Policymakers and corporations must promote a just transition towards an environmentally sustainable economy, to mitigate the negative impacts of the change on vulnerable populations. The International Labour Organization (ILO) defines just transition as a process “towards an environmentally sustainable economy”, which “needs to be well managed and contribute to the goals of decent work for all, social inclusion and the eradication of poverty”.
Despite the increasing focus on a just transition, a 2021 World Benchmarking Alliance (WBA) study of 180 companies in the oil & gas, electric utilities and automotive manufacturing sectors, showed that only a minority of companies are engaged with a just transition. A recent survey by Business for Societal Impact (B4SI), found that only half of respondents were discussing just transition within their business, but over 80% agreed that it would impact their long-term strategy development and goals.
At Corporate Citizenship, we aim to provide our clients with the tools to actively participate in a just transition, that ensures that the substantial benefits of shifting towards low-carbon economies are shared widely, while also supporting those who stand to lose economically. While there is no single formula for a just transition, businesses should consider leveraging their unique place in society to incorporate social considerations into risk assessments, include key stakeholders in their decision-making and transition processes, and close the climate finance gap.
Integrating Social Considerations into Risk Mitigation Planning
With increased adoption of the Task Force on Climate-related Financial Disclosures recommendations, climate risk mitigation plans and science-based targets are growing as well. Businesses should begin to integrate their environmental risk mitigation plans with social considerations. Risk mitigation and reducing/eliminating harm are initial steps in the process. Businesses can and should go beyond risk mitigation, and start to think about the good they can bring, and the positive impacts they can catalyse and benefit from. How will the transition to a low-carbon energy source impact the communities in which they operate? Who are the most at-risk stakeholders? Answering these questions will not only allow companies to mitigate risk and reputational exposure, but also identify key stakeholders crucial to the success of their just transition journey.
Incorporating Stakeholders into the Just Transition Process
It is not just high-carbon industry workers who are at risk of being left behind in the decarbonisation transition, but other key stakeholders such as informal workers within their communities, countries and regions, who rely on the revenue, job opportunities and infrastructure indirectly linked to carbon-based industries. This is a particular challenge in coal-dependent regions such as Asia-Pacific, where informal workers account for 68% of the regional workforce and two of the world’s total informal workforce. To overcome these challenges, robust community engagement must be the backbone for a just transition to take place. Without stakeholder input, a company cannot effectively understand the context of its operations, gain stakeholder buy-in, provide the correct resources or create impactful policies. The transition towards a low-carbon economy is an opportunity for businesses to rethink their decision-making process and step-up stakeholder engagement to build lasting corporate and community resilience. Companies must ask themselves if their current transition to a low-carbon economy includes vulnerable stakeholder considerations for a just or regenerative transition.

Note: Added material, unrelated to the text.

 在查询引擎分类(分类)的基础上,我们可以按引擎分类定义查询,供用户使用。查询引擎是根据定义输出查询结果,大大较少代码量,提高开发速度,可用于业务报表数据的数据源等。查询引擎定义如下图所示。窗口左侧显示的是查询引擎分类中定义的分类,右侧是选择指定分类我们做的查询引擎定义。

Closing the Climate Finance Gap
Financing the transition to low-carbon systems will take collaboration and concerted efforts among parties, including states, multilateral agencies and corporate players. During COP15 (2009), developed countries pledged to mobilise $100 billion a year by 2020, to support climate change mitigation efforts of developing countries. This target was not met and analysts argue that even that amount would be insufficient to meet Paris Agreement goals. While states play a large facilitation and policy role in closing the finance gap, companies can play their part, by analysing how procurement decisions, power purchasing agreements and overall purchasing practices may amplify positive impacts in under-resourced communities. While this may seem like a daunting task, interventions such as training programmes and funding local incubator challenges can position companies to drive climate innovation and increase resilience in the most vulnerable areas of their operations. Additionally, companies can advocate for policies that support climate transition efforts, and align their political contributions to this end.

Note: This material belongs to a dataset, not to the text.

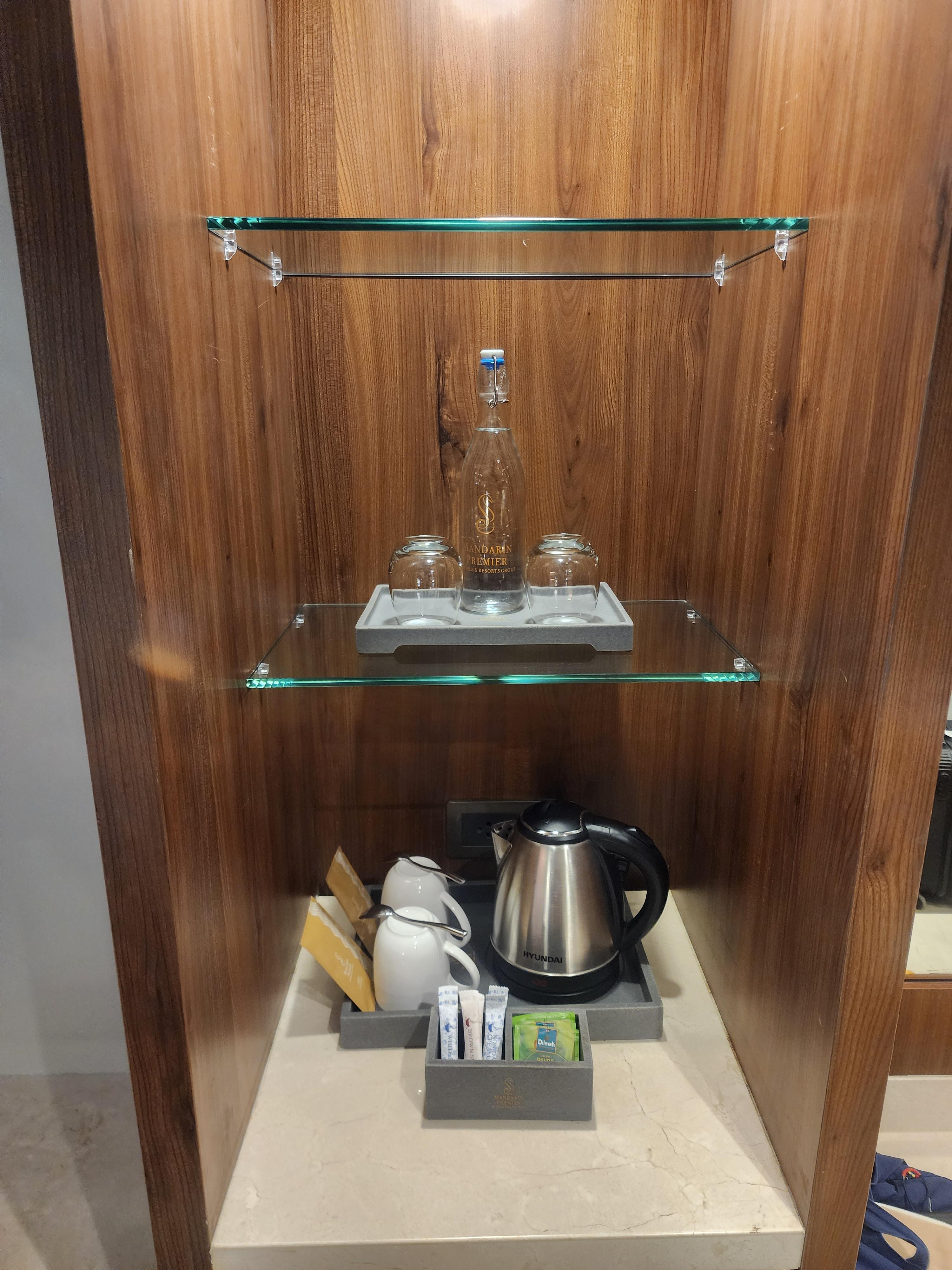 물 두 개와 드립백, 차, 커피포트가 있습니다.

The transition towards a low-carbon economy presents a pivotal opportunity to leverage the power of business as a force for good. To make the most of this opportunity, we have introduced three key elements to consider when starting or assessing your just transition process: 1) including social considerations in environmental risk mitigation planning, 2) maintaining meaningful stakeholder engagement through the process, and 3) contributing to closing the climate finance gap. Delivering on the promise of a sustainable future, requires that businesses take their role seriously in including those from historically disadvantaged or otherwise marginalised communities to participate in new opportunities.
 Business for Societal Impact (B4SI), part of Corporate Citizenship, hosted its annual conference in November 2021. During this event, a survey asked participants their perception of a just transition.